We can see benefit in the PTO having the ability to
institute IPR on only some of the claims and on only some
of the proposed grounds, particularly given the Board’s
statutory obligation to complete proceedings in a timely
and efficient manner. 35 U.S.C. § 316. For example, in
Liberty Mutual Insurance Co. v. Progressive Casualty
Insurance Co., No. CBM2012-00003, 2012 WL 9494791, at
*1 (P.T.A.B. Oct. 25, 2012), the petitioner presented over
four-hundred grounds of unpatentability for twenty
patent claims. The Board determined that “numerous
redundant grounds would place a significant burden on
the Patent Owner and the Board, and would cause unnecessary
delays.” Id. (...)

The Board made specific findings that certain
groups of grounds were redundant. It ordered the Petitioner
to choose which ground in each group to maintain,
and even explained which ground it would proceed with if
the Petitioner did not choose. The PTO has made similar
constraints in prosecution by requiring applicants to
narrow the number of claims they wish to prosecute. See,
e.g., Hyatt v. U.S. Patent & Trademark Office, 797 F.3d
1374, 1376 (Fed.
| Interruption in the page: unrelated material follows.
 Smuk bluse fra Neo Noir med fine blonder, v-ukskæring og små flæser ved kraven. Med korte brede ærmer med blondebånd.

Cir. 2015) (discussing the PTO’s requirement
that the patentee select some of the hundreds
of thousands of claims to prosecute, absent a showing that
more claims were necessary).

The importance of the word "during":

We agree with the
PTO that § 315(e) would not estop Shaw from bringing its
Payne-based arguments in either the PTO or the district
courts. Both parts of § 315(e) create estoppel for arguments
“on any ground that the petitioner raised or reasonably
could have raised during that inter partes
review.” Shaw raised its Payne-based ground in its
petition for IPR. But the PTO denied the petition as to
that ground, thus no IPR was instituted on that ground.
The IPR does not begin until it is instituted. See Cuozzo,
793 F.3d at 1272 (“IPRs proceed in two phases. In the
first phase, the PTO determines whether to institute IPR.
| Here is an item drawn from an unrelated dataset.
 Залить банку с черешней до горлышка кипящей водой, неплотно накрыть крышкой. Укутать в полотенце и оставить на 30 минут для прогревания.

In the second phase, the Board conducts the IPR proceeding
and issues a final decision.” (citations omitted)).
Thus, Shaw did not raise—nor could it have reasonably
raised—the Payne-based ground during the IPR. The
plain language of the statute prohibits the application of
estoppel under these circumstances. In light of our construction
of the statute, mandamus is not warranted.
Thus, we deny Shaw’s petition for writ of mandamus.